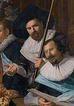 Detail of 1633 schutterstuk by Frans Hals, with Nicolaes Olycan with pike and Hendrik Pot with book
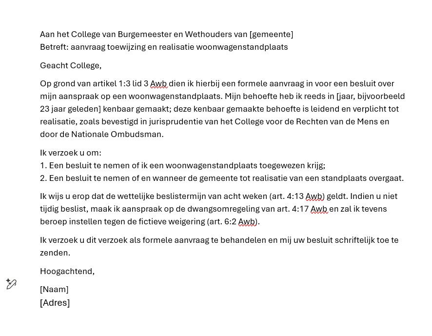 Het niet reageren of afschuiven vormt een schending van de positieve verplichtingen die voortvloeien uit artikel 8 EVRM en de Algemene wet gelijke behandeling. Om dit tegen te gaan, is het van belang dat woonwagenbewoners zelf een formele aanvraag indienen en daarmee een besluit uitlokken. Alleen een formeel besluit kan worden aangevochten bij bezwaar en beroep. Hieronder volgt een stappenplan en een voorbeeldbrief.
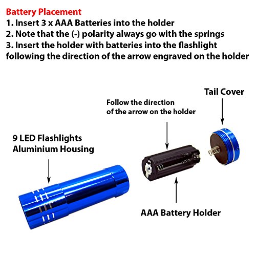 ★ Package: 3 Mini LED Flashlights with Lanyard (Red, Silver & Blue), Battery Holders and Travel Case. Batteries Not Included
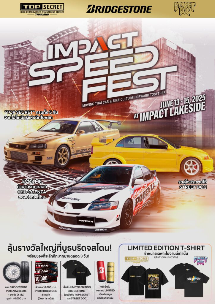 บริดจสโตน ร่วมกับ TOP SECRET THAILAND และ STREET DOC ชวนสัมผัสประสบการณ์มอเตอร์สปอร์ตสุดเร้าใจ พร้อมเป็นผู้สนับสนุนหลักในงาน “IMPACT Speed Fest 2025”
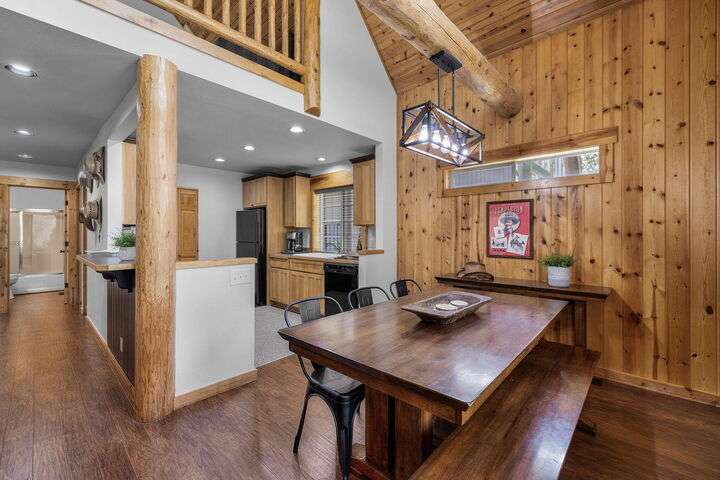 Don't miss your opportunity to own this classic chalet with unique qualities located in the popular golf community of Eagle Crest. The light and open 3 bedroom, 2 bath, great room floor plan is the perfect retreat to enjoy all that Eagle Crest offers. Features include cathedral ceilings, stunning wood beams with iron work detailing, river rock gas fireplace, beautiful new vinyl floorings, and natural wood detailing throughout. Upstairs has a spacious loft w/views and vaulted private primary suite with ensuite bath. Seller updates include new furnace & heat pump, new appliances, beautiful LVP flooring and carpet. The home comes fully furnished turnkey ready for vacation rental or buyer to enjoy. Compare this Chalet to the others, it is a standout! Enjoy the EC amenities; gym, pools, biking, hiking, golfing and resort living. Assumable seller carry option available! HOA installing New roof in 2025.

### EXERCISE INSTRUCTIONS
Give back the records exactly, minus any pictures.

### TASK RESULT
 Detail of 1633 schutterstuk by Frans Hals, with Nicolaes Olycan with pike and Hendrik Pot with book
 Het niet reageren of afschuiven vormt een schending van de positieve verplichtingen die voortvloeien uit artikel 8 EVRM en de Algemene wet gelijke behandeling. Om dit tegen te gaan, is het van belang dat woonwagenbewoners zelf een formele aanvraag indienen en daarmee een besluit uitlokken. Alleen een formeel besluit kan worden aangevochten bij bezwaar en beroep. Hieronder volgt een stappenplan en een voorbeeldbrief.
 ★ Package: 3 Mini LED Flashlights with Lanyard (Red, Silver & Blue), Battery Holders and Travel Case. Batteries Not Included
 บริดจสโตน ร่วมกับ TOP SECRET THAILAND และ STREET DOC ชวนสัมผัสประสบการณ์มอเตอร์สปอร์ตสุดเร้าใจ พร้อมเป็นผู้สนับสนุนหลักในงาน “IMPACT Speed Fest 2025”
 Don't miss your opportunity to own this classic chalet with unique qualities located in the popular golf community of Eagle Crest. The light and open 3 bedroom, 2 bath, great room floor plan is the perfect retreat to enjoy all that Eagle Crest offers. Features include cathedral ceilings, stunning wood beams with iron work detailing, river rock gas fireplace, beautiful new vinyl floorings, and natural wood detailing throughout. Upstairs has a spacious loft w/views and vaulted private primary suite with ensuite bath. Seller updates include new furnace & heat pump, new appliances, beautiful LVP flooring and carpet. The home comes fully furnished turnkey ready for vacation rental or buyer to enjoy. Compare this Chalet to the others, it is a standout! Enjoy the EC amenities; gym, pools, biking, hiking, golfing and resort living. Assumable seller carry option available! HOA installing New roof in 2025.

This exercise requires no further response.